### Given data
______________________________
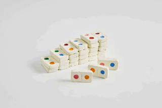 28 pieces คือจำนวนโดมิโนที่บรรจุในกล่อง โดมิโนโดยปกติทั่วไป จะเห็นวัสดุในรูปของพลาสติกหรือไม้ แต่เปลี่ยนเป็นการนำกระดาษเหลือใช้ที่ไร้ค่ามาเป็นวัตถุดิบในการผลิต
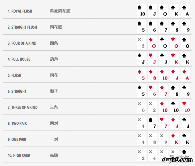 剩余握有底牌的玩家,将会翻牌,而握有最佳组合的五张牌的玩家,将赢得所有的投注。
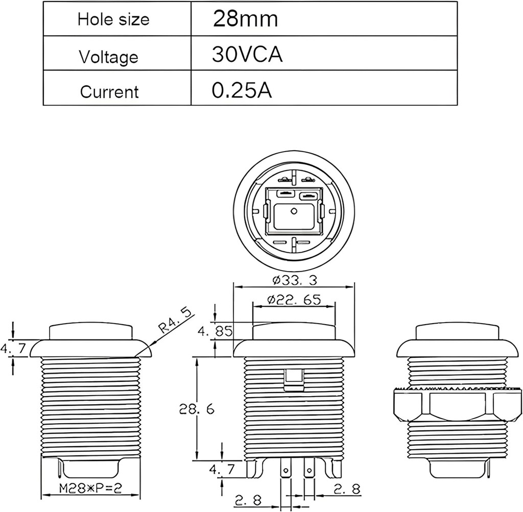 Button Interface Size: 2.8mm (0.110") Runs on 5 volt.
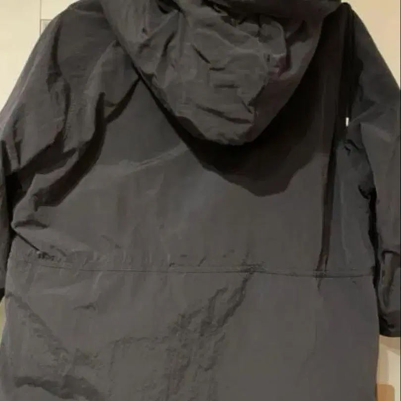 후드 부착 캐주얼 블랙 다운 자켓, 나일론 소재로 경량.
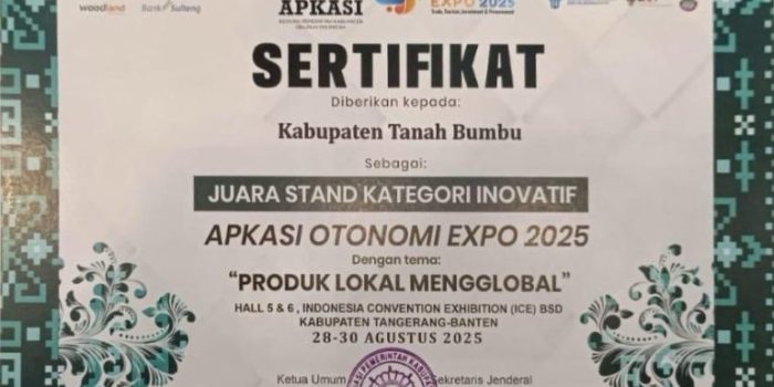 KALSELMAJU.COM, BATULICIN – Kabupaten Tanahbumbu berhasil meraih penghargaan Stand Kategori Inovatif pada gelaran Apkasi Otonomi Expo (AOE) 2025. Acara berlangsung di Indonesia Convention Exhibition (ICE) BSD, Tangerang, pada 28–30 Agustus 2025.
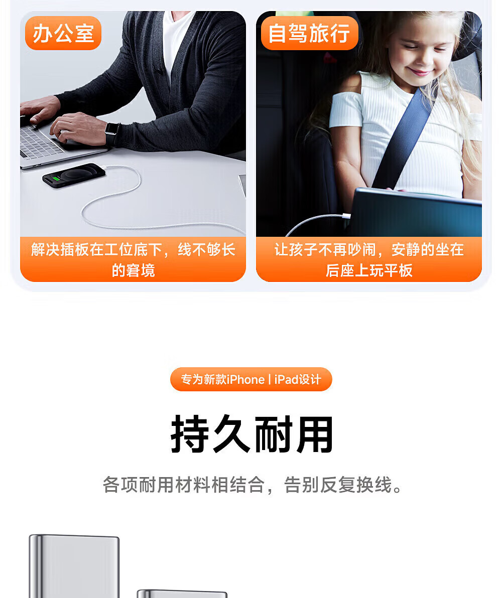 京东京造22.5W超级快充轻薄便携自带线充电宝10000毫安时3c认证可上飞机移动电源适用苹果17华为小米17荣耀
______________________________
### What you should do
I need the lines from the one containing "Button Interface Size: 2.8mm" through the end of the records retyped exactly, with the pictures left out.

### Task solution
 Button Interface Size: 2.8mm (0.110") Runs on 5 volt.
 후드 부착 캐주얼 블랙 다운 자켓, 나일론 소재로 경량.
 KALSELMAJU.COM, BATULICIN – Kabupaten Tanahbumbu berhasil meraih penghargaan Stand Kategori Inovatif pada gelaran Apkasi Otonomi Expo (AOE) 2025. Acara berlangsung di Indonesia Convention Exhibition (ICE) BSD, Tangerang, pada 28–30 Agustus 2025.
 京东京造22.5W超级快充轻薄便携自带线充电宝10000毫安时3c认证可上飞机移动电源适用苹果17华为小米17荣耀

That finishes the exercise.